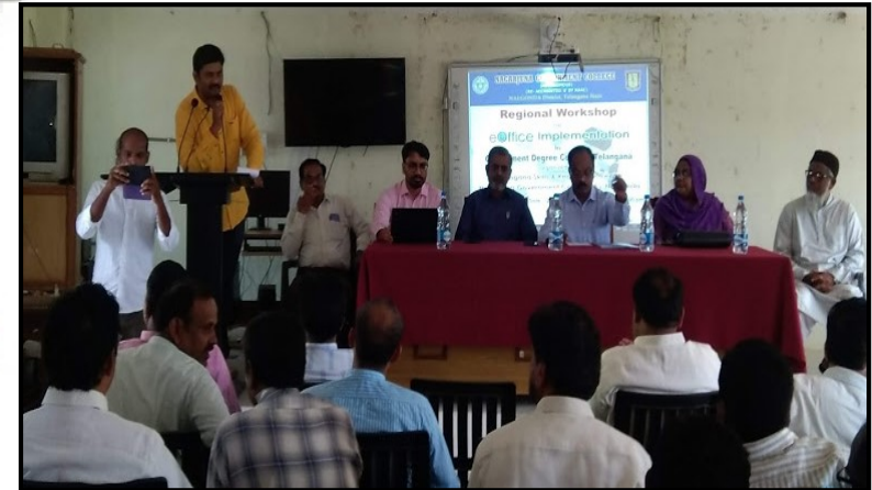
TKSC Coordinator giving Inaugural Speech
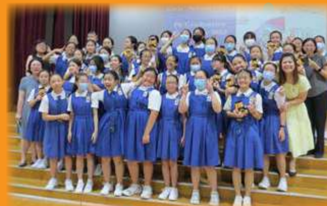
Making memories together
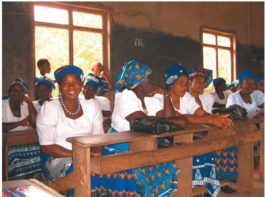
Health meeting with local women's group

The students are planning to return to the village in the coming months to finish the water distribution system and continue to work with the local women and NGOs to study and improve health.
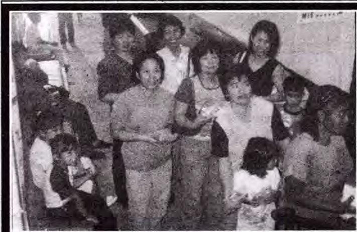
Members with their sandwich as merienda during the BBCCC's 45th Year anniversary
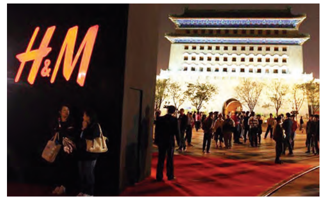
File photo taken on April 22, 2009 shows the giant signboard of Sweden's chic fashion chain store H&M on Qianmen Street in Beijing, capital of China.

Sales from March 1-28 were up 55 percent measured in local currencies. H&M said it would not propose a dividend at its annual general meeting but saw good prospects of one in the second half of the year.
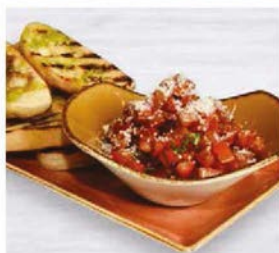
BALSAMIC TOMATO BRUSCHETTA
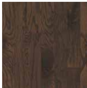
Mocha ECKES33L406 3"
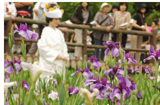
Iris festival @ Itako
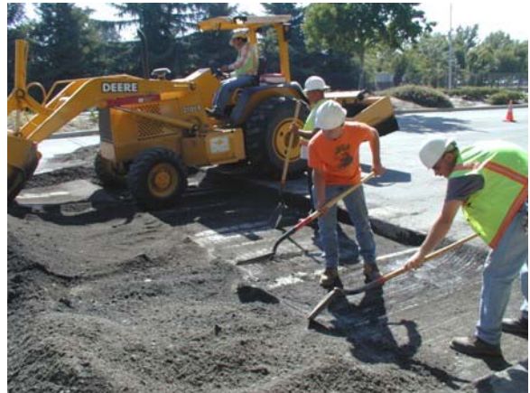
Street Surface Pavement Maintenance

The investments approved as part of the 2009-2013 Adopted CIP include funding for the City's local system expansion ($14.5 million); safety and efficiency projects ($39.8 million); North San José projects ($21.8 million); support for the City's contribution to regional system expansion ($14.3 million); maintenance and rehabilitation activities including bridge and pavement maintenance ($101.9 million); activities that promote community livability including land management, weed abatement, the under-grounding of City utilities, and monitoring of environmental mitigation sites ($8.9 million); local and regional planning and engineering activities ($19.8 million); project and program support ($13.2 million); and reserves and transfers ($70.9 million).
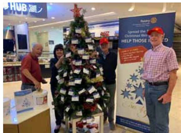
Tree of Joy
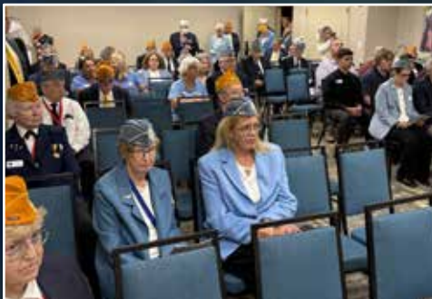
Veterans and Auxiliary members assemble for a joint session for Mass and presentation of individual and post National Awards.
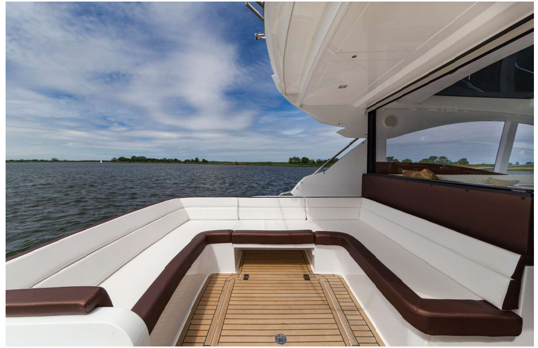
— Outside rest area
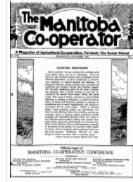
The Manitoba co-operator
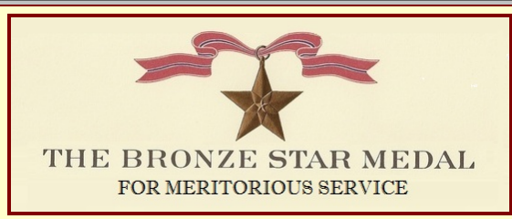
THE BRONZE STAR MEDAL FOR MERITORIOUS SERVICE
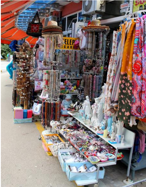
Figure 4.7. Shops with Marian memorabilia, Medjugorje.
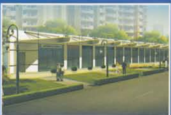
Mapsko Shopping Arcade Sec-82, Gurgaon (Haryana)
----------------------------------------
Across the whole listing, reproduce each line verbatim and exclude every picture.

--- TASK RESULT ---
TKSC Coordinator giving Inaugural Speech
Making memories together
Health meeting with local women's group

The students are planning to return to the village in the coming months to finish the water distribution system and continue to work with the local women and NGOs to study and improve health.
Members with their sandwich as merienda during the BBCCC's 45th Year anniversary
File photo taken on April 22, 2009 shows the giant signboard of Sweden's chic fashion chain store H&M on Qianmen Street in Beijing, capital of China.

Sales from March 1-28 were up 55 percent measured in local currencies. H&M said it would not propose a dividend at its annual general meeting but saw good prospects of one in the second half of the year.
BALSAMIC TOMATO BRUSCHETTA
Mocha ECKES33L406 3"
Iris festival @ Itako
Street Surface Pavement Maintenance

The investments approved as part of the 2009-2013 Adopted CIP include funding for the City's local system expansion ($14.5 million); safety and efficiency projects ($39.8 million); North San José projects ($21.8 million); support for the City's contribution to regional system expansion ($14.3 million); maintenance and rehabilitation activities including bridge and pavement maintenance ($101.9 million); activities that promote community livability including land management, weed abatement, the under-grounding of City utilities, and monitoring of environmental mitigation sites ($8.9 million); local and regional planning and engineering activities ($19.8 million); project and program support ($13.2 million); and reserves and transfers ($70.9 million).
Tree of Joy
Veterans and Auxiliary members assemble for a joint session for Mass and presentation of individual and post National Awards.
— Outside rest area
The Manitoba co-operator
THE BRONZE STAR MEDAL FOR MERITORIOUS SERVICE
Figure 4.7. Shops with Marian memorabilia, Medjugorje.
Mapsko Shopping Arcade Sec-82, Gurgaon (Haryana)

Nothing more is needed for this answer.